Like its Slavic counterpart (2008), the Etymological Dictionary of the Baltic Inherited Lexicon aims at combining recent insights from comparative Indo-European linguistics with modern Balto-Slavic accentology. While the Lithuanian lexicon serves as a starting-point, the dictionary contains a number of etyma that are unique to Latvian or Old Prussian. Unlike in most other Baltic etymological studies, both Latvian and Lithuanian accentual data feature prominently. The author’s renewed attempt to reconstruct part of the Balto-Slavic lexicon has resulted in numerous additions and corrections.
The introductory chapter explains the structure of the dictionary and clarifies its theoretical framework. In addition, it provides a concise introduction to Baltic historical linguistics. The volume concludes with an extensive bibliography and a word index.

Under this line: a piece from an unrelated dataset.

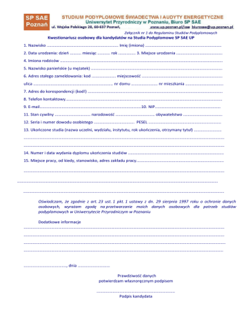 Załącznik nr 1 do Regulaminu Studiów Podyplomowych Kwestionariusz osobowy dla kandydatów na Studia Podyplomowe SP SAE UP 1. Nazwisko .............................................................. Imię (imiona) .................................................................. 2. Data urodzenia: dzień .......... miesiąc ........... rok ............... 3. Miejsce urodzenia ........................................ 4. Imiona rodziców ............................................................................................................................................. 5. Nazwisko panieńskie (u mężatek) .................................................................................................................. 6. Adres stałego zameldowania: kod ..................... miejscowość ...................................................................... ulica ..................................................................... nr domu ....................... nr mieszkania ................................. 7. Adres do korespondencji (kod!) ..................................................................................................................... 8. Telefon kontaktowy........................................................................................................................................ 9. E-mail........................................................................................10. NIP......................................................... 11. Stan cywilny ............................... narodowość .................................. obywatelstwo .................................. 12. Seria i numer dowodu osobistego ................................... PESEL ............................................................... 13. Ukończone studia (nazwa uczelni, wydziału, instytutu, rok ukończenia, otrzymany tytuł) ........................ .............................................................................................................................................................................. .............................................................................................................................................................................. 14. Numer i data wydania dyplomu ukończenia studiów ................................................................................... 15. Miejsce pracy, od kiedy, stanowisko, adres zakładu pracy............................................................................ .............................................................................................................................................................................. .............................................................................................................................................................................. .............................................................................................................................................................................. Oświadczam, że zgodnie z art. 23 ust. 1 pkt. 1 ustawy z dn. 29 sierpnia 1997 roku o ochronie danych osobowych, wyrażam zgodę na przetwarzanie moich danych osobowych dla potrzeb studiów podyplomowych w Uniwersytecie Przyrodniczym w Poznaniu Dodatkowe informacje .............................................................................................................................................................................. .............................................................................................................................................................................. ............................................................................................................................................................................... ............................................................................................................................................................................. ....................................., dnia ............................ Prawdziwość danych potwierdzam własnoręcznym podpisem .................................................................... Podpis kandydata

Rick Derksen, Ph.D. (1996), Leiden University, has published extensively on Balto-Slavic historical linguistics, including Metatony in Baltic (1996) and Etymological Dictionary of the Slavic Inherited Lexicon (2008). A Slavist and an Indo-Europeanist, he now teaches classics in secondary education.
The distinctive feature of a good book is to find its readership and to stand the test of time. It is clear that the [Etymological Dictionary of the Baltic Inherited Lexicon] will soon become a reference book, useful to more than one generation of Balticists. The author should be congratulated for having written an excellent work in a time which is so unfavourable to research in the humanities and mistreats so much those who practise it. We may only hope that Rick Derksen will continue to enrich the area of Baltic studies by further works of the same quality. - Daniel Petit - École normale supérieure, Paris in: Baltic Linguistics, 6 (2015)
All those interested in comparative Indo-European linguistics as well as Baltic and Balto-Slavic historical linguistics and accentology.